Copeland, who already owns not only several private jets but also his own airport, made the statement during a fundraising telethon Tuesday on his television network The Victory Channel.

See the moment below.


Many travel industry experts say they expect airlines to begin implementing vaccine mandates amid pressure from other countries like Canada, which recently mandated vaccination for commercial travel, and indications that the U.S. government is considering making such a rule as well.

For Copeland, this trend has a decidedly sinister subtext and he warned ministers to seek alternate means of travel.

"The time has come for ministries... to have some other method of travel other than the airlines.
"You get into this situation, 'We're not gonna let you fly unless you're vaccinated.' Well, to me, that's the mark of the beast."

The "mark of the beast" features heavily in the "end times" prophecies of the Book of Revelation in the Bible.

While historians say the Book of Revelation is likely an elaborate allegory about the fall of Rome written in a time when writing such things would have been punishable by death, Christians believe the book warns of a time of great turmoil just before Christ returns to the Earth.

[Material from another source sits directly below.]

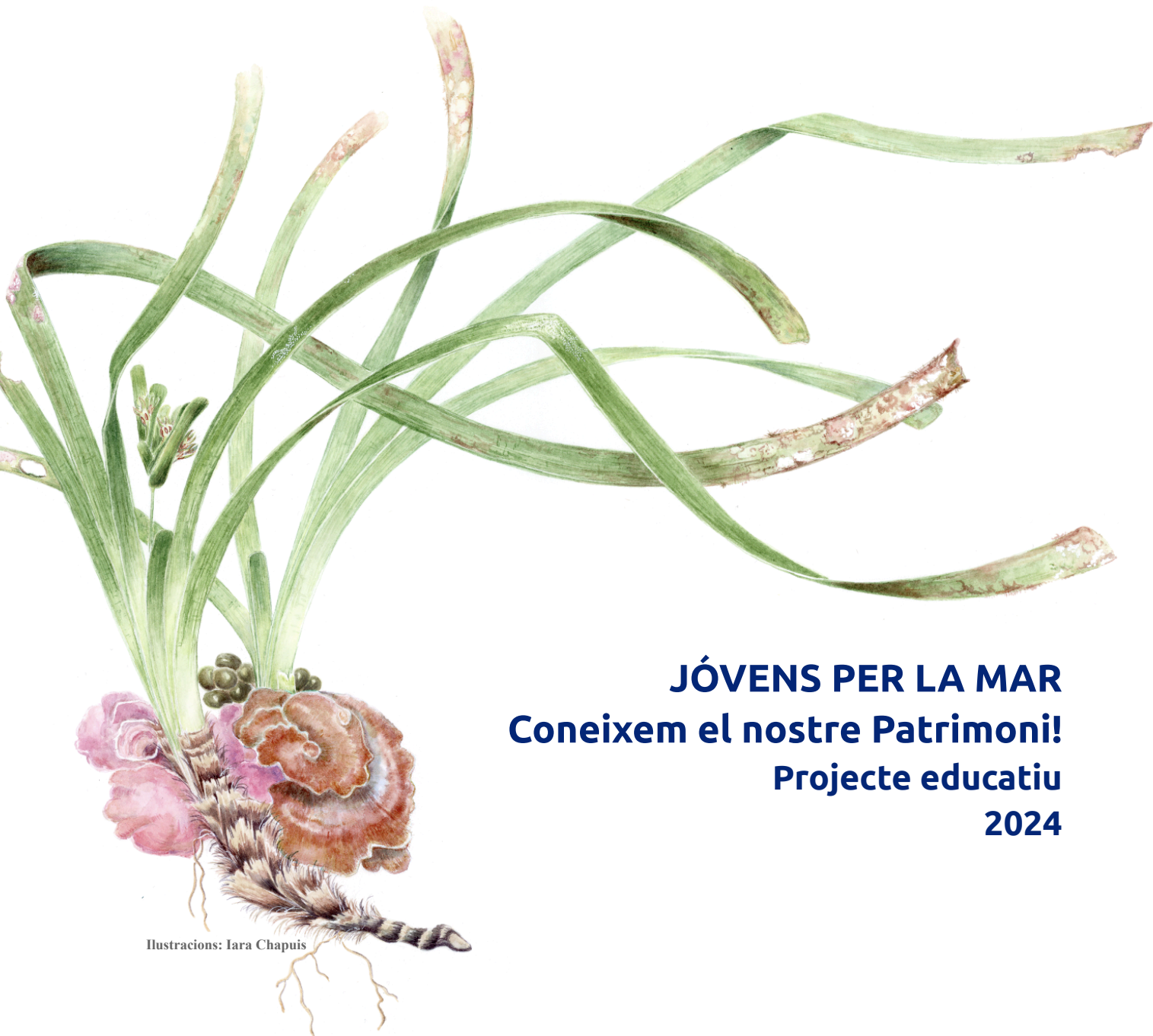
Il·lustracions: Iara Chapuis

The story goes that during this time, all people will be forced by an evil world leader to either pledge allegiance to Satan with "the mark of the beast" in order to be allowed to "buy or sell," or to refuse the mark and be martyred for their faith in Jesus Christ. Those with the mark go to hell, and those who refuse it go to heaven.

Many Christians believe everything from so-called "smart" identification and credit cards embedded with RFID chips, to, yes, the vaccine against the virus to be the much vaunted "mark of the beast."

So Copeland's rhetoric isn't exactly new. But using it to get people to send him money for a private jet is definitely a new, unhinged spin on an old favorite—especially for a guy who already owns private jets so he can avoid the "demons" he believes haunt commercial airliners.

This all left a very bad taste in people's mouths on Twitter.









Copeland is a close ally of former President Trump.

He served on an advisory committee for his 2016 campaign.